*** Opening INFORMATION PROVIDED ***
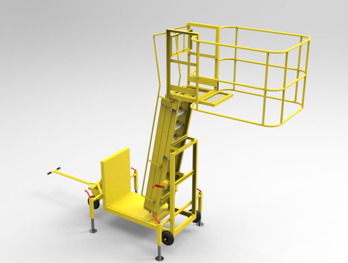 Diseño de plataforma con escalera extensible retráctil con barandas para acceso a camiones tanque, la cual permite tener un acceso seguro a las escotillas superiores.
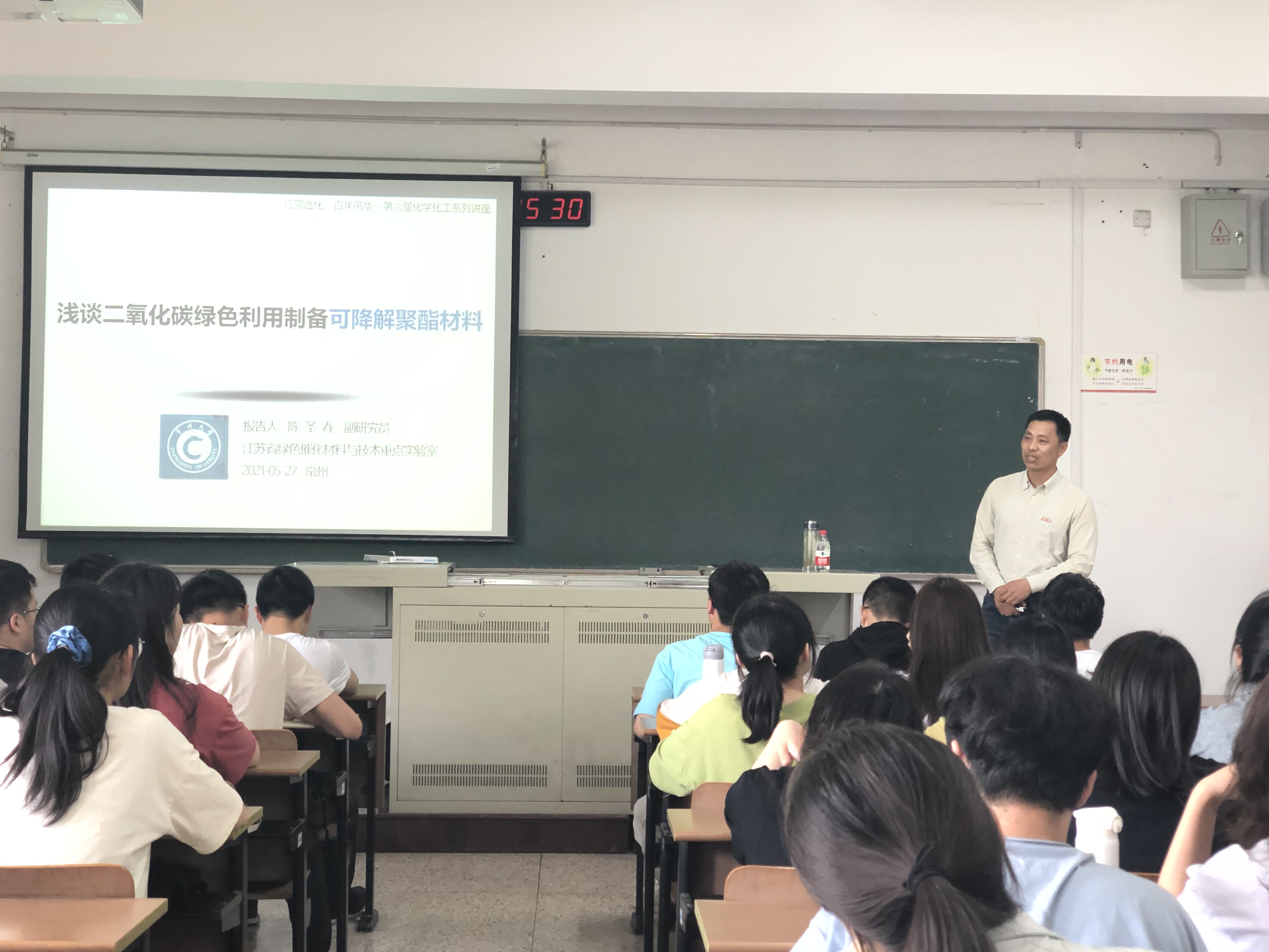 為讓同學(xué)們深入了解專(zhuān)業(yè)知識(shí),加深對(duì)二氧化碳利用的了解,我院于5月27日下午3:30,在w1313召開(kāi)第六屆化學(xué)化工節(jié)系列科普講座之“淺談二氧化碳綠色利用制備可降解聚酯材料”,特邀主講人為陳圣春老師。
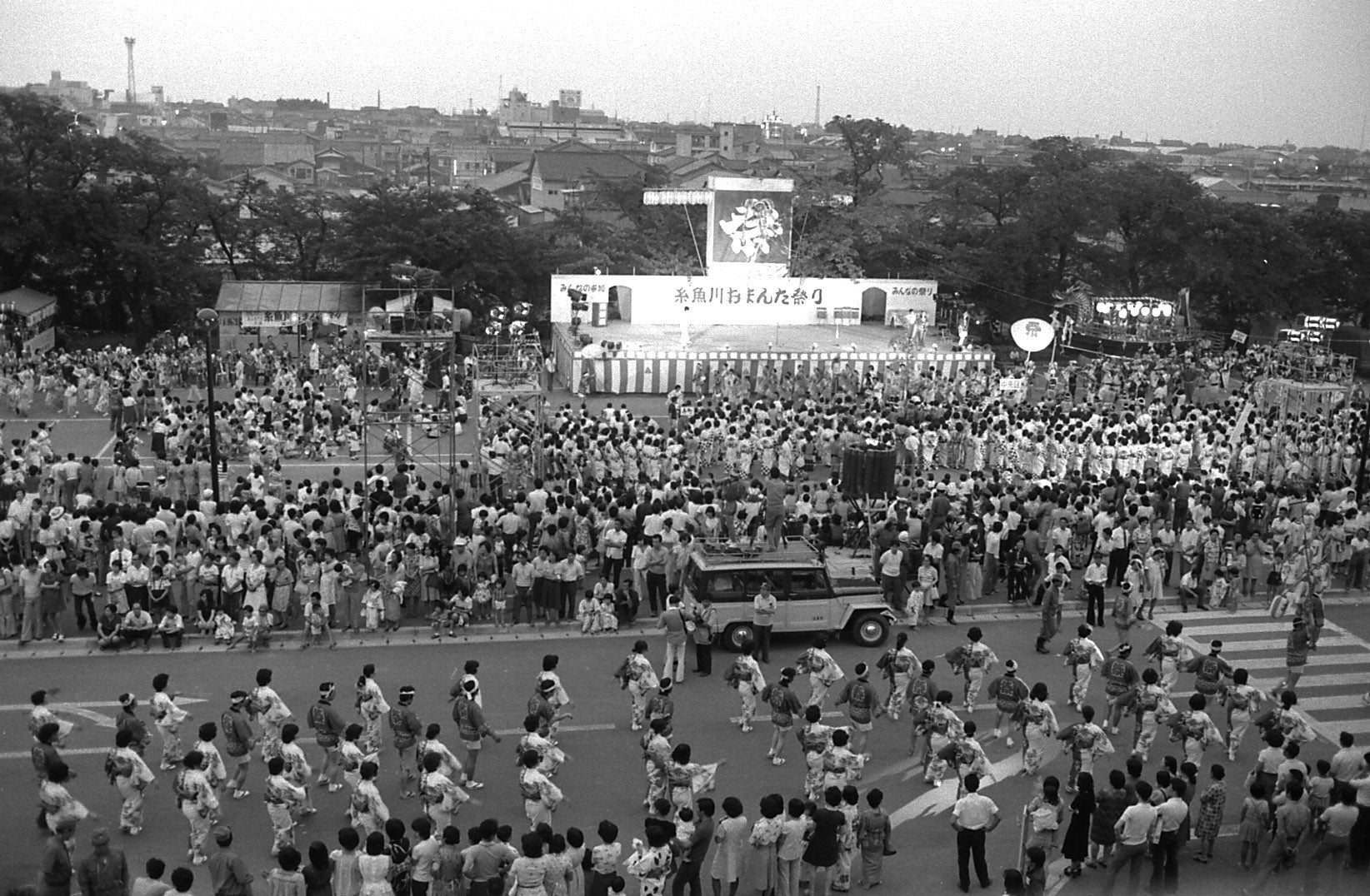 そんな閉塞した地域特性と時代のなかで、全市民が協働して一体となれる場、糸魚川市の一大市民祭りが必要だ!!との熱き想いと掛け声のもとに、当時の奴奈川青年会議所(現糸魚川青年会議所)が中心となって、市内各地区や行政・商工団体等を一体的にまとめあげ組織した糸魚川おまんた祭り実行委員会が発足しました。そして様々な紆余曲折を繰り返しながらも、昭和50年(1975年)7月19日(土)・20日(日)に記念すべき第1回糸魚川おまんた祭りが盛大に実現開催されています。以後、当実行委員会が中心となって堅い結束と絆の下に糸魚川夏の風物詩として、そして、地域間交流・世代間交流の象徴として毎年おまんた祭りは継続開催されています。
*** Closing INFORMATION PROVIDED ***
*** Opening INFORMATION PROVIDED ***
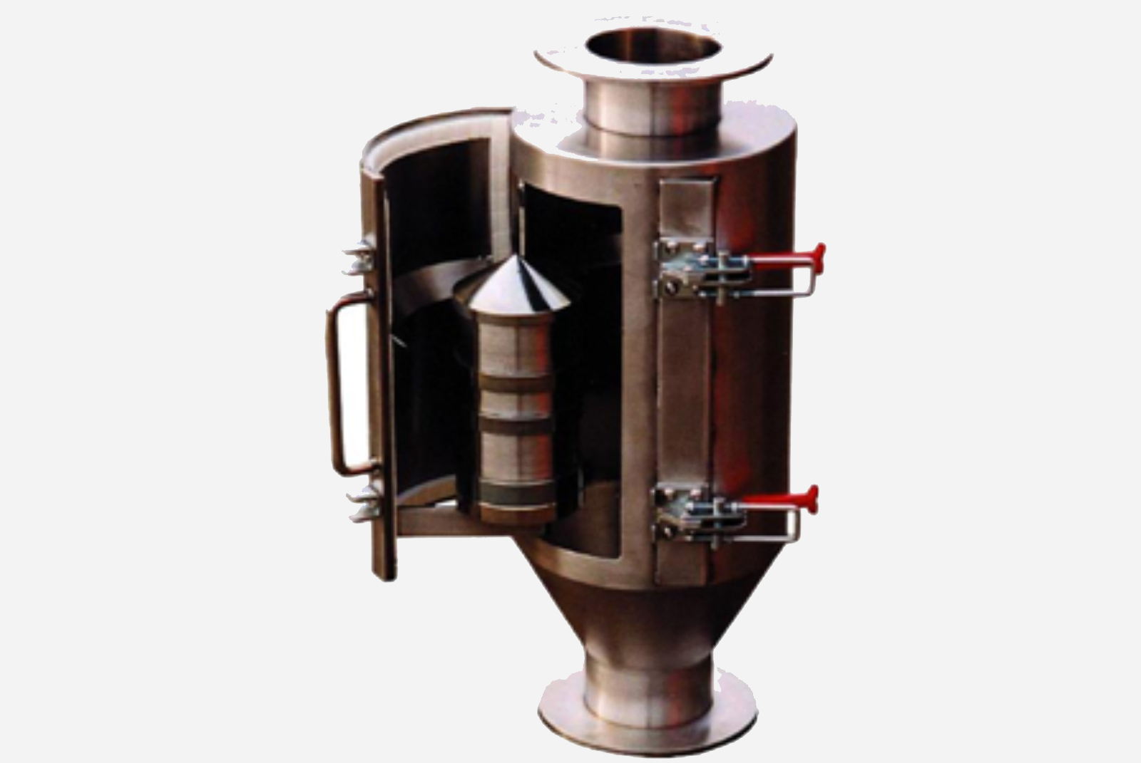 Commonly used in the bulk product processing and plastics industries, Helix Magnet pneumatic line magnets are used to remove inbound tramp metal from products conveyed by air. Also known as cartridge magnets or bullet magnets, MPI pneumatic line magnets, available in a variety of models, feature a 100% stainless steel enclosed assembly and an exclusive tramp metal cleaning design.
*** Closing INFORMATION PROVIDED ***
PROBLEM: Given the listing above, retype only the span of lines from the line with "Diseño de plataforma" up to and including the line with "為讓同學(xué)們深入了解", exactly as it stands and without pictures.

RESPONSE AREA:
 Diseño de plataforma con escalera extensible retráctil con barandas para acceso a camiones tanque, la cual permite tener un acceso seguro a las escotillas superiores.
 為讓同學(xué)們深入了解專(zhuān)業(yè)知識(shí),加深對(duì)二氧化碳利用的了解,我院于5月27日下午3:30,在w1313召開(kāi)第六屆化學(xué)化工節(jié)系列科普講座之“淺談二氧化碳綠色利用制備可降解聚酯材料”,特邀主講人為陳圣春老師。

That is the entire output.